Sit-in delle associazioni che si battono contro la violenza di genere e per una pena certa davanti alla Corte d’Apello dell’Aquila, nelle stesse ore in cui si tiene l’udienza di Fitim Koldashi, accusato dell’omicidio di Manuel Spinelli.
Un sit-in davanti alla corte d’Appello dell’Aquila, nelle stesse ore in cui si tiene l’udienza di Fitim Koldashi, l’albanese di 29 anni condannato con il rito abbreviato a 30 anni e 8 mesi, accusato dell’omicidio di Manuel Spinelli, il giovane di Martinsicuro ucciso il 20 giugno del 2017, sul lungomare di Alba Adriatica.
Aveva soltanto 22 anni Manuel quando è stato accoltellato da Koldashi, per il quale le associazioni chiedono la certezza della pena perché – dicono – una vita non può valere qualche anno. Oltre al coordinamento di Codice Rosso diverse le associazioni che questa mattina si sono riunite davanti alla Corte d’Appello (Dal “Nastro Rosa” ad “Anna Rosa una di noi”, da “Kathanè” a “Insieme per Jennifer” e tante altre), affianco alla famiglia di Manuel, alla mamma e al papà (Cinzia e Roberto) e alla giovane moglie Manuela che, ancora sconvolti, restano lontani dai microfoni e combattono in silenzio la loro battaglia.

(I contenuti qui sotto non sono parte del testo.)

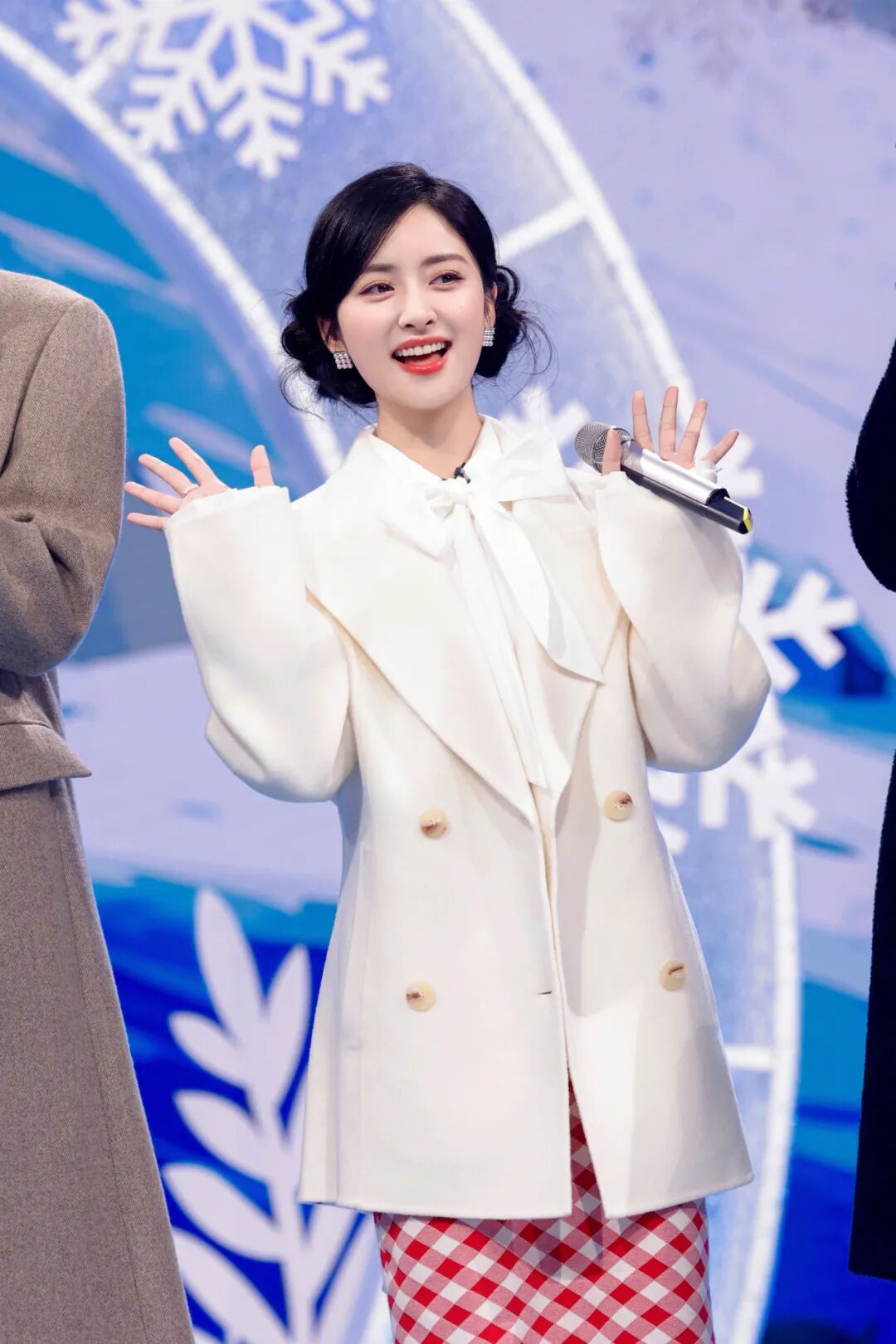 张婧仪上身的这件长款白色羽绒服,花苞式的衣摆设计让整体轮廓如云朵般蓬松柔软,轻盈又不失温暖感,再搭配了一条厚实而有质感的格纹围巾,悄然地释放一股优雅感。

Battaglia che riguarda tutti, come spiegano le referenti abruzzesi del coordinamento di Codice Rosso. Intanto le associazioni lavorano per la nascita di un garante dei famigliari delle vittime di omicidio.
Manuel rappresenta i tanti, troppi giovani del nostro paese vittime di omicidio e di femminicidio – dicono Adele Di Rocco ed Elena Pesce del coordinamento “Codice Rosso” – questo tipo di reato può essere punito unicamente con la condanna al massimo della pena, senza l’applicazione di sconti.
E chiedono per Koldashi la conferma della pena stabilita in primo grado a 30 anni e 8 mesi.